Edited by: Jeff Karingada on Nov 9, 2017 2:24 PM
Remy Lebeau (Te...


Posts: 9,447
Registered: 12/23/01
Re: problems displaying Displaying thai characters [Edit]  
Click to report abuse...   Click to reply to this thread Reply
  Posted: Nov 9, 2017 4:17 PM   in response to: Jeff Karingada in response to: Jeff Karingada
Jeff Karingada wrote:

I have migrated a web application from intraweb 4/ Delphi 6 to
intraweb 14/ Delphi Berlin and I am still using classic ansistring
because of other dependencies.

Just because you use ANSI strings in memory doesn't mean you can't use
UTF-8 in the HTML. They are two different and independant things.
Just make sure you convert your ANSI strings to Unicode properly (ie,
using a Thai charset) before giving them to IntraWeb, if it is
expecting Unicode strings. I would find it very unlikely that a modern
IntraWeb version would accept ANSI strings in a modern Delphi version.

I have set <META http-equiv="Content-Type" content="text/html"
charset="TIS-620"> in the header of my forms. However it seems the
webpages are being displayed as UTF-8 because of the <meta
charset="utf-8"> taking precedence over the content type I have set.

Why are you mixing <meta http-equiv> with <meta charset> at all? The
former is for HTML4 only, the latter is for HTML5 only. You can't mix
different HTML versions on the same page. Pick one or the other, not
both. Sounds like IntraWeb uses HTML5, so stick with that.

the webpage displays unrecognizable text, however when I right click
the webpage and change the encoding the thai(windows) it displays the
Thai characters correctly.

I find that hard to believe. Considering that Delphi 2009+ uses
Unicode strings, I would expect IntraWeb to do so as well, and I
wouldn't expect it to send Unicode characters in a Thai charset unless
you explictly tell it to do so, which would contradict the above.
Unless it has a bug that doesn't set <meta charset> correctly.

How EXACTLY are you giving your Thai strings to IntraWeb and/or sending
them to the client? Are you doing something manually to send the raw
bytes yourself?

the question I had, is it possible to override the default charset of
the application(UTF-8) and use a different charset

I'm not an IntraWeb user, so I couldn't answer that.

--
Remy Lebeau (TeamB)
Jeff Karingada

Posts: 10
Registered: 2/27/17
Re: problems displaying Displaying thai characters [Edit]  
Click to report abuse...   Click to reply to this thread Reply
  Posted: Nov 10, 2017 3:25 AM   in response to: Remy Lebeau (Te... in response to: Remy Lebeau (Te...
Remy Lebeau (TeamB) wrote:
Jeff Karingada wrote:

I have migrated a web application from intraweb 4/ Delphi 6 to
intraweb 14/ Delphi Berlin and I am still using classic ansistring
because of other dependencies.

Just because you use ANSI strings in memory doesn't mean you can't use
UTF-8 in the HTML. They are two different and independant things.
Just make sure you convert your ANSI strings to Unicode properly (ie,
using a Thai charset) before giving them to IntraWeb, if it is
expecting Unicode strings. I would find it very unlikely that a modern
IntraWeb version would accept ANSI strings in a modern Delphi version.

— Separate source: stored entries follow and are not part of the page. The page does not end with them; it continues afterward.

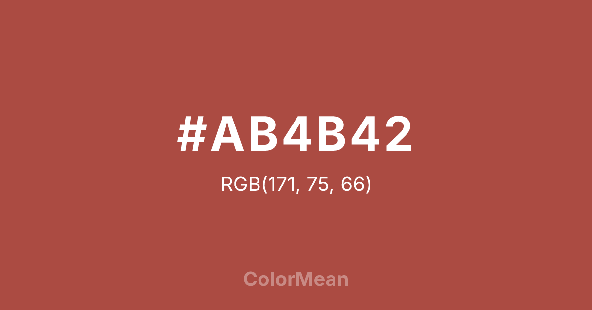 #AB4B42 RGB value is (171, 75, 66). The hex color red value is 171, green is 75, and blue is 66. Its HSL format shows a hue of 5°, saturation of 44 percent, and lightness of 46 percent. The CMYK process values are 0 percent, 56 percent, 61 percent, 33 percent.
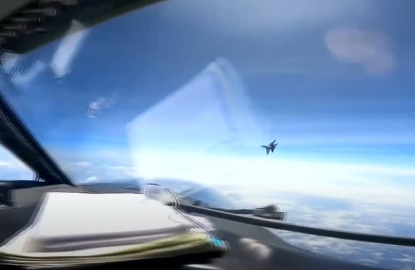 Một đoạn video do Bộ Quốc phòng Mỹ công bố cho thấy, chiến đấu cơ J-16 tạt ngang trước mũi máy bay của Hoa Kỳ, và buồng lái chiếc RC-135 rung chuyển trong vùng nhiễu động.
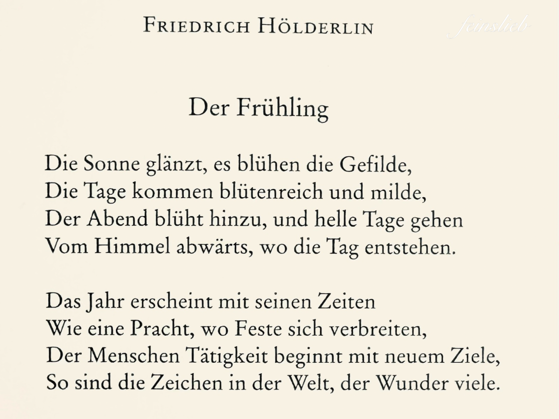 Deswegen und weil ich selbst tatsächlich „mit neuem Ziele“ tätig bin, habe ich dieses Gedicht von Hölderlin herausgesucht. Wir haben diese Woche so schöne Nachrichten erhalten, dass wir gerade das Gefühl haben, bei uns passieren wirklich „der Wunder viele“.
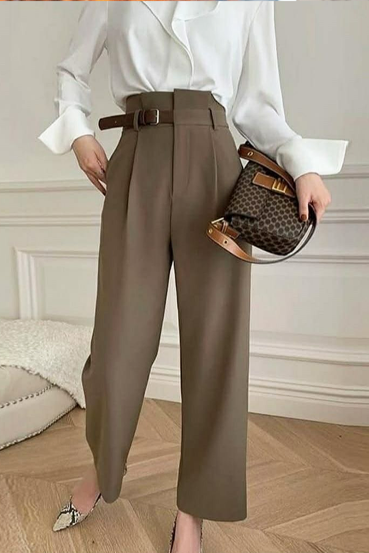 - Pantaloni clasici de damă, potriviți pentru ținute la modă de zi cu zi.
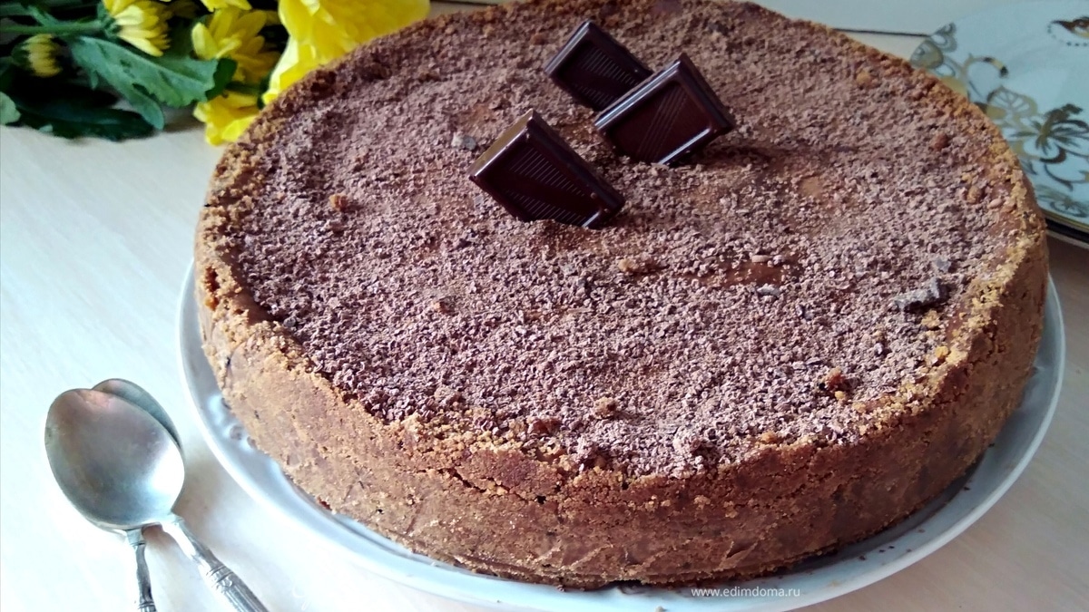 Вылить начинку на корж и разровнять. Стукнуть формой о стол, чтобы лишний воздух ушел. В форму побольше поставить эту форму, влить кипяток, чтобы вода доходила до середины формы и поставить в разогретую до 180°C духовку на 40 минут, убавить до 160°C и готовить еще 20 минут. Оставить в выключенной духовке на 30 минут. Дверцу открыть, убрать поддон с водой и дать чизкейку полностью остыть! - Шаг 10

I have set <META http-equiv="Content-Type" content="text/html"
charset="TIS-620"> in the header of my forms. However it seems the
webpages are being displayed as UTF-8 because of the <meta
charset="utf-8"> taking precedence over the content type I have set.


Why are you mixing <meta http-equiv> with <meta charset> at all? The
former is for HTML4 only, the latter is for HTML5 only. You can't mix
different HTML versions on the same page. Pick one or the other, not
both. Sounds like IntraWeb uses HTML5, so stick with that.

Intraweb sets UTF-8 for each of the web pages. the meta http-equil was ported across from the application. I thought I could override the charset my inserting it into the header

the webpage displays unrecognizable text, however when I right click
the webpage and change the encoding the thai(windows) it displays the
Thai characters correctly.

I find that hard to believe. Considering that Delphi 2009+ uses
Unicode strings, I would expect IntraWeb to do so as well, and I
wouldn't expect it to send Unicode characters in a Thai charset unless
you explictly tell it to do so, which would contradict the above.
Unless it has a bug that doesn't set <meta charset> correctly.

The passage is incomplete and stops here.